WHAT YOU HAVE TO DO ▸
Pick out all lines with the word "الانتخابية" from the records that follow.

:: GIVEN ENTRIES

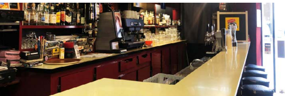
Soir de concert - Fête de la musique organisé par le bar en face de sa terrasse
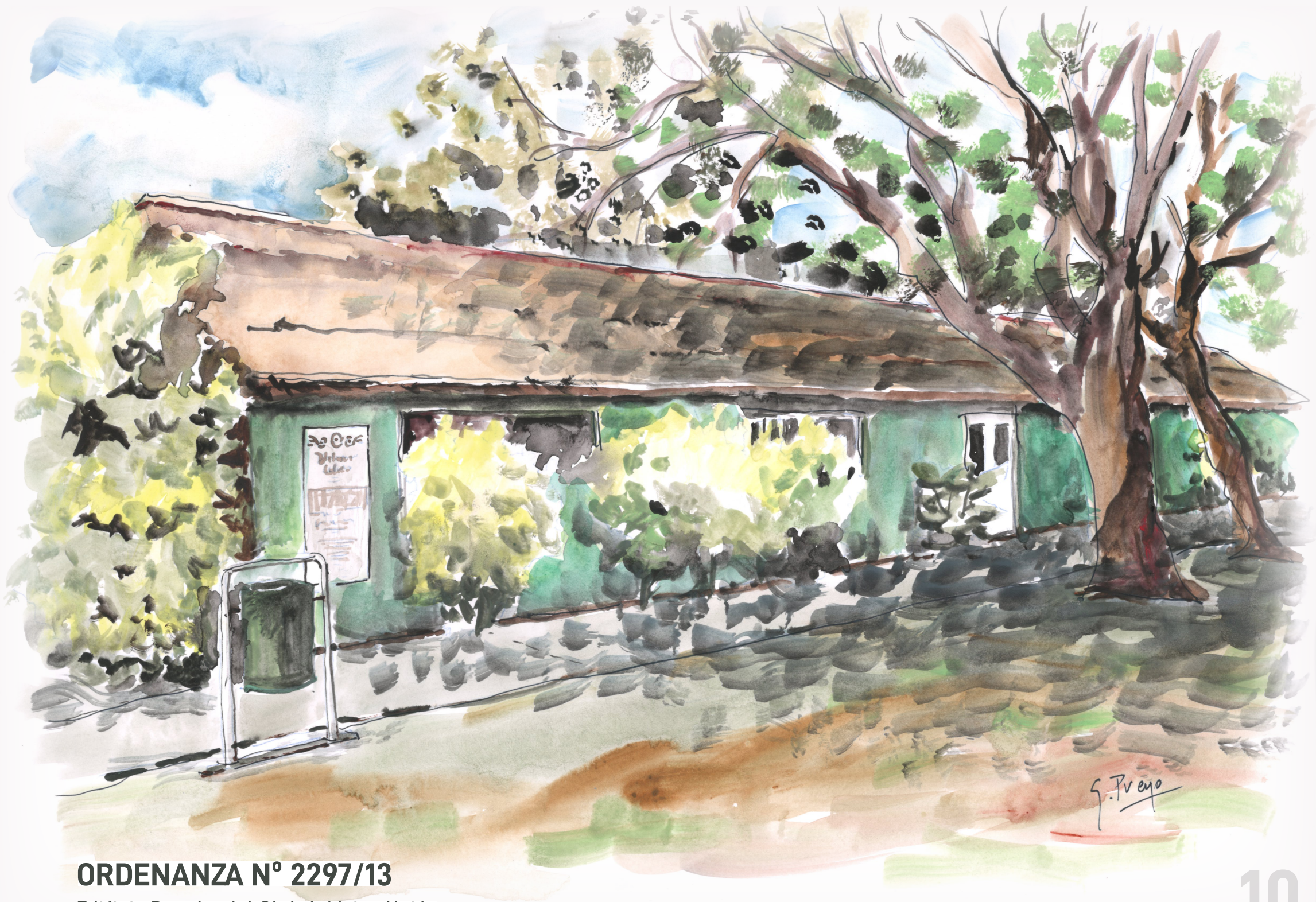
ORDENANZA N° 2297/13 Edificio Rancho del Club Atlético Unión
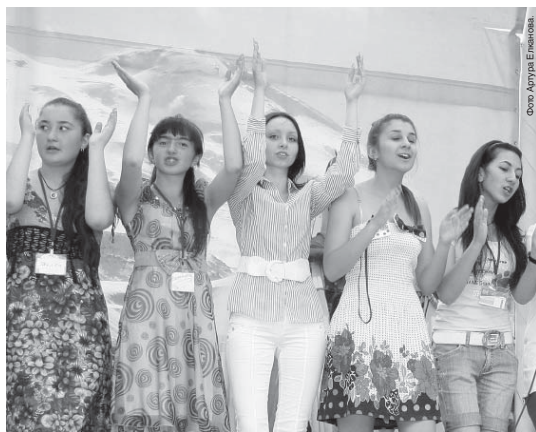
Сотра Амурра Египетова
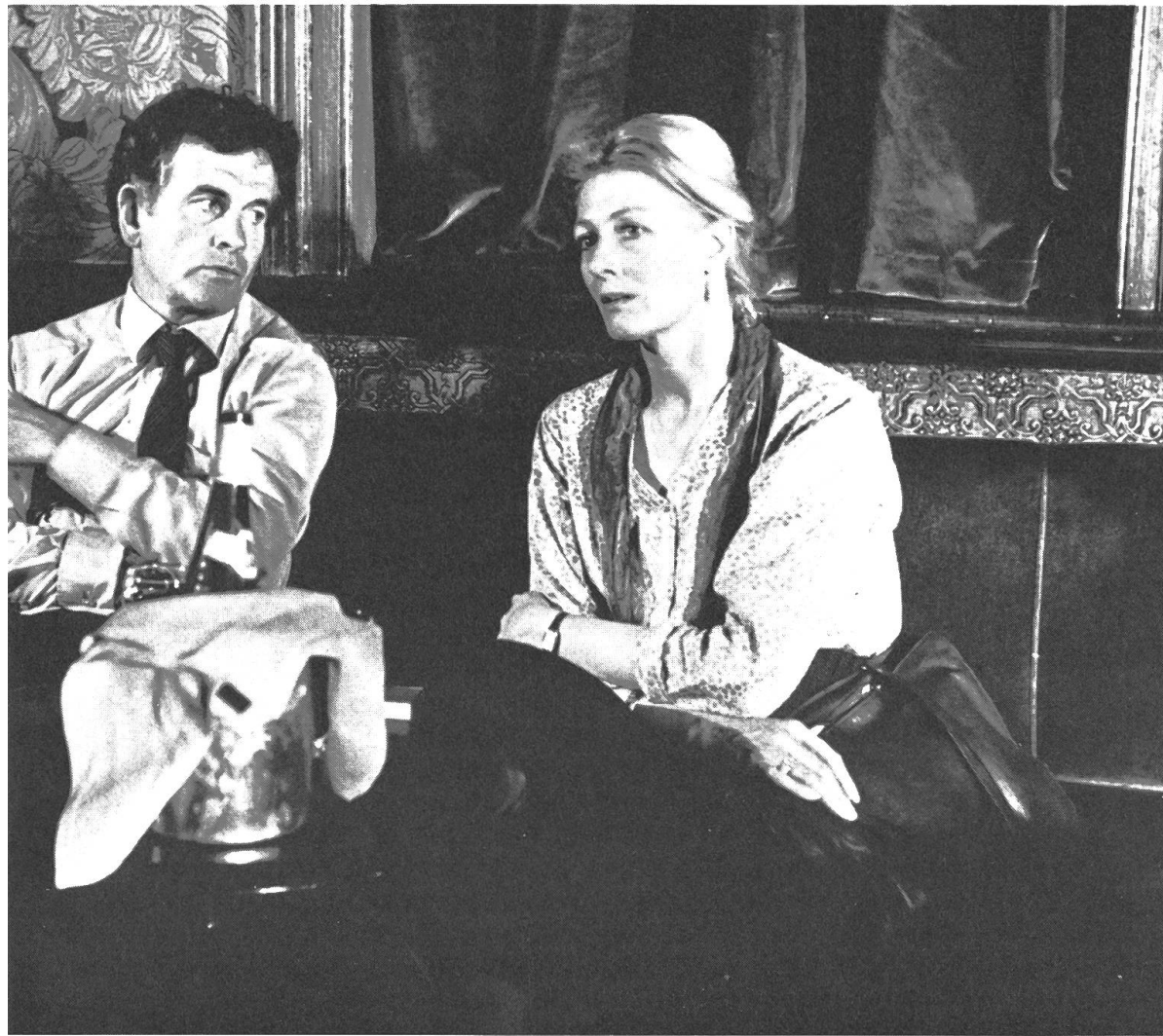
Vanessa Redgrave und Ian Holm in «Wetherby» von David Hare.
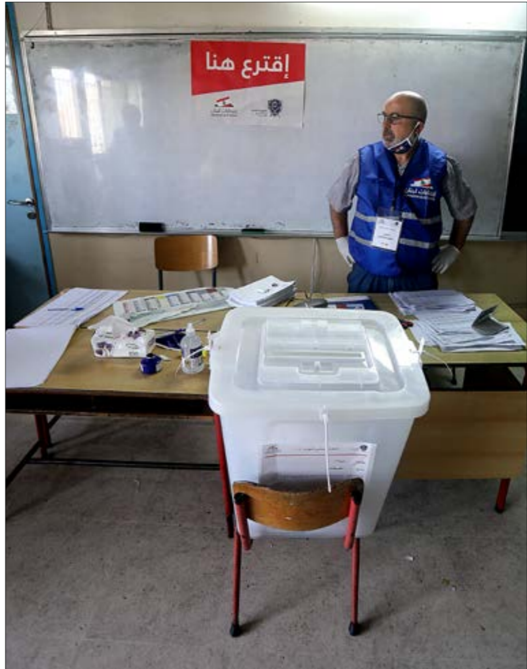
لم يحصل الموظفون على بدلات التعابم الانتخابية بعد (مزود) بوجدرا

وزعت الوزارات المعنية بالعملة الانتخابية الوعود مبيناً ويساراً قبل الانتخابات، فاجتمع وزير المالية مع رابطة التعليم الثانوي وقال: إن مستحقات الأساتذة المشاركين لن تتأخر. ووعدت وزارة الداخلية الموظفين المكلفين بدفع المستحقات على الشكل الآتي: رؤساء الأقسام 3,600,000 ليرة، الكتبة 3,400,000 ليرة وذلك عند تسليم صناديق الاقتراع بعد انتهاء العملية الانتخابية مباشرة في سرابات الإقصية، ولكن لم تتحوّل الوعود إلى حقائق، وبقيت في خانة الشراب مع تراجع الداخلية الأول قبل انطلاق العملية الانتخابية والقول إن المستحقات ستتاخر لأسبوع واحد حتى انتهاء عملية الفرز، وبدأت الأسابيع بالقوالي والليرة بالانهيار، ثم فجأة تحول النقاش من سرعة الدفع نحو مكان الدفع، وتمّ إلهاء الموظفين وتضليلهم بقنابل دخانية من نوع أن القبض سيكون من الشراي الذي تسلّموا منه التكليف، فأكلوا الطعم حسب إغادة مشارك في الانتخابات،

::::

RESPONSE BOX ▸
لم يحصل الموظفون على بدلات التعابم الانتخابية بعد (مزود) بوجدرا
وزعت الوزارات المعنية بالعملة الانتخابية الوعود مبيناً ويساراً قبل الانتخابات، فاجتمع وزير المالية مع رابطة التعليم الثانوي وقال: إن مستحقات الأساتذة المشاركين لن تتأخر. ووعدت وزارة الداخلية الموظفين المكلفين بدفع المستحقات على الشكل الآتي: رؤساء الأقسام 3,600,000 ليرة، الكتبة 3,400,000 ليرة وذلك عند تسليم صناديق الاقتراع بعد انتهاء العملية الانتخابية مباشرة في سرابات الإقصية، ولكن لم تتحوّل الوعود إلى حقائق، وبقيت في خانة الشراب مع تراجع الداخلية الأول قبل انطلاق العملية الانتخابية والقول إن المستحقات ستتاخر لأسبوع واحد حتى انتهاء عملية الفرز، وبدأت الأسابيع بالقوالي والليرة بالانهيار، ثم فجأة تحول النقاش من سرعة الدفع نحو مكان الدفع، وتمّ إلهاء الموظفين وتضليلهم بقنابل دخانية من نوع أن القبض سيكون من الشراي الذي تسلّموا منه التكليف، فأكلوا الطعم حسب إغادة مشارك في الانتخابات،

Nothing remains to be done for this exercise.